Electricity is a key pillar of California's climate mitigation strategy: decarbonize electricity and electrify everything. But at the same time, electricity supply and resilience can be itself impacted by climate change. In California, electric utilities play a large role in the wildfire problem. Conditions of high winds and dry, hot days can lead powerlines to spark nearby vegetation. These same conditions are very conducive to fast wildfire spread. While powerlines start only 10% of wildfires, they have caused almost 50% of the most damaging fires. Following the devastating Camp Fire in 2018, PG&E was held strictly liable for tens of billions of dollars of damage, leading them to declare bankruptcy.

In response to the electricity-wildfire challenge, electric utilities have begun conducting wildfire mitigation plans, comprised of many short- and long-term strategies. One such strategy is called Public Safety Power Shutoffs, a policy in which utilities de-energize high risk powerlines to avoid sparking a fire. While this strategy is relatively new, with adoption really picking up in 2019, it has become very widespread. At times in 2019 and 2020, up to 1 million customers were without power and these outage can last up to days at a time. While the utilities are making this risk-mitigation decision, the costs are borne by their customers. The costs and the effectiveness of this strategy are largely unknown.

What it does

In this study, I seek to answer the following questions:

  1. What is the cost to different economic sectors, regions, and households of these power shutoffs?
  2. How does the cost of this mitigation strategy compare to that of fires?
  3. What are the benefits in terms of avoided fire losses?

How we built it

This project relied on data from the California Public Utilities Commission on power shutoffs and fires that may have occurred without the shutoffs, as well as economic models built by the authors and other collaborators.

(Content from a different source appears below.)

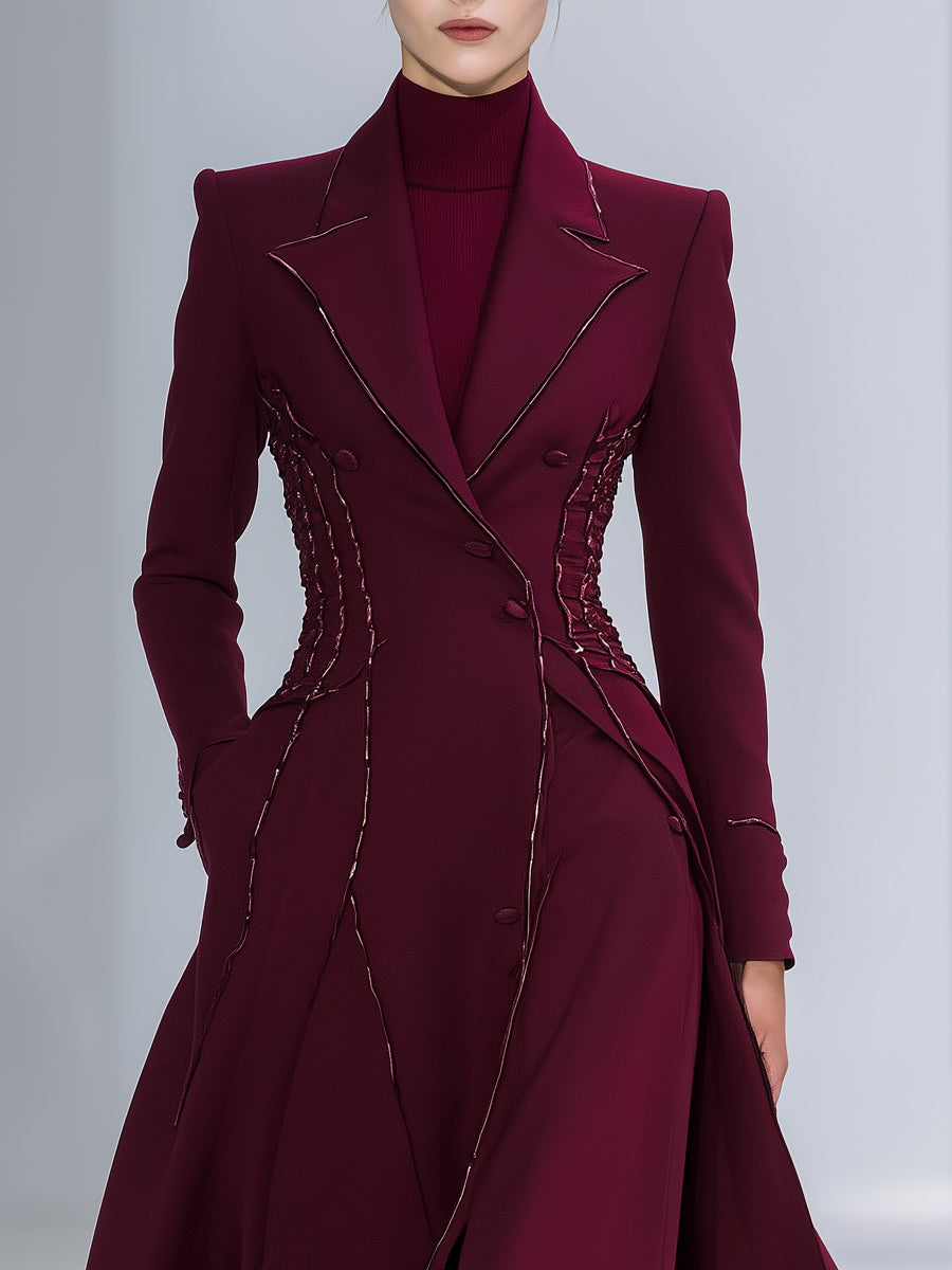 Women's Fashionable Autumn And Winter Burgundy Red Metal Embroidered Long A-line Woolen Coat

We evaluated the tradeoffs using 4 steps:

  1. Estimating the reduction in power due to shutoffs
  2. Model the economic impact of the shutoffs to customer classes, sectors, and regions
  3. Model the economic impact of capital stock losses of wildfires that did occur in 2019
  4. Model the impact of losses due to fires that would have occurred without the shutoffs

Challenges we ran into

Working with real data is challenging and very time consuming! There were two major data set-backs with this project. First, we are working with data collected by the CPUC on number of customers impacted by shutoffs. However, this data lacked KEY geographic identifiers. We were able to infer the zipcode of the customer based on additional information in outage reports and some very time-consuming location searches.

To assess the impact of fires that would have occurred without the shutoffs, we use publicly-available simulation reports produced by a private consulting company for the CPUC. We were hoping to work with this company to get actual data, but are instead taking the results from their report. This requires converting PDF maps to spatially-explicit .geotiffs. Another largely manual step.

What's next for Power or fire? A cost-benefit analysis of PSPS

We are still completing the analysis. We hope that the results can inform public utility regulation and policy-planning on cost-effective strategies for addressing the wildfire challenge.